37937 medium screenshot 20181105 163133
Kartu Sehat alami perubahan, namun bentuk dan fungsi tidak mengalami perubahan, hanya pada sistemnya saja. Seperti yang dikatakan Wali Kota Bekasi, Rahmat Efendi di area CFD Jalan Ahmad Yani, minggu (4/11/2018). Iya jelaskan terkait perubahan sistem menjulur pada minat warga yang di minta untuk ke Puskesmas terlebih dahulu, jangan langsung ke rumah sakit jika sakitnya ringan.
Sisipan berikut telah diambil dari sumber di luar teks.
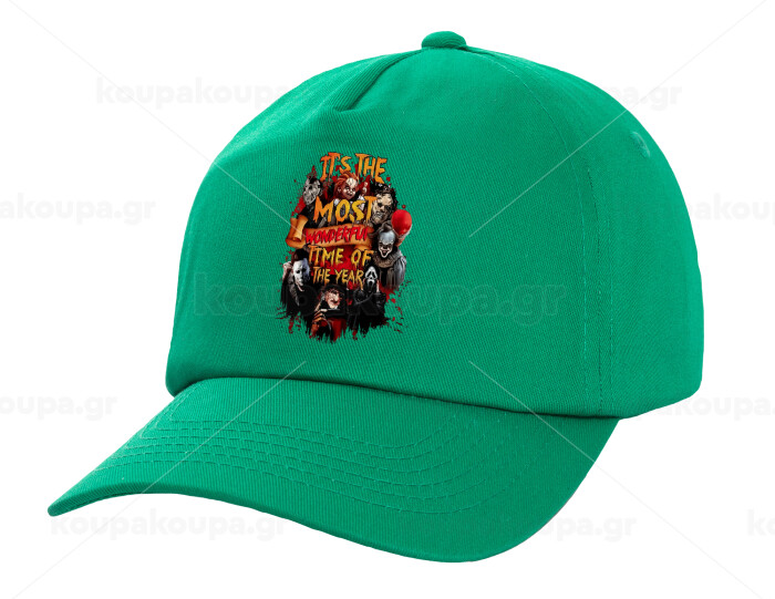 Halloween it's most wonderful time of the year, Adult Baseball Cap, 100% Cotton, Green (COTTON, ADULT, UNISEX, ONE SIZE)

“Di KS NIK ga ada yg berubah, yang berubah kita ingin mengajak jangan sedikit-sedikit ke rumah sakit karena sakit ringan, Puskesmas kita sudah punya fasilitas rata-rata ada dua alat peralatan praktek gigi, Dokter umum pun sudah ada empat sampai lima dokter, untuk itu kita banyak butuh membangun infrastrukturnya,” ucapnya.
Dijelaskan oleh Kepala bagian Humas Setda kota Bekasi Sajekti Rubiah, Jumat (2/11/2018), Perubahan sistem KS diketahui sudah mulai berjalan sejak 1 November 2018.
“Program Kartu Sehat mulai 1 November 2018 ini mengalami perubahan dalam tahapan proses pengobatannya,” ucapnya.
Dia menambahkan jika pasien membutuhkan penanganan khusus, Puskesmas dapat kmengeluarkan surat rujukan,rujukan tersebut mengarah pada Rumah Sakit Umum Daerah Kota Bekasi atau rumah sakit swasta yang ditunjuk.
Iya juga sampaikan jika perubahan sistem ini merupakan hasil evaluasi penggunaan KS selama 1 tahun.
“Ini merupakan hasil evaluasi pelayanan Karu Sehat Kota Bekasi selama ini,” katanya.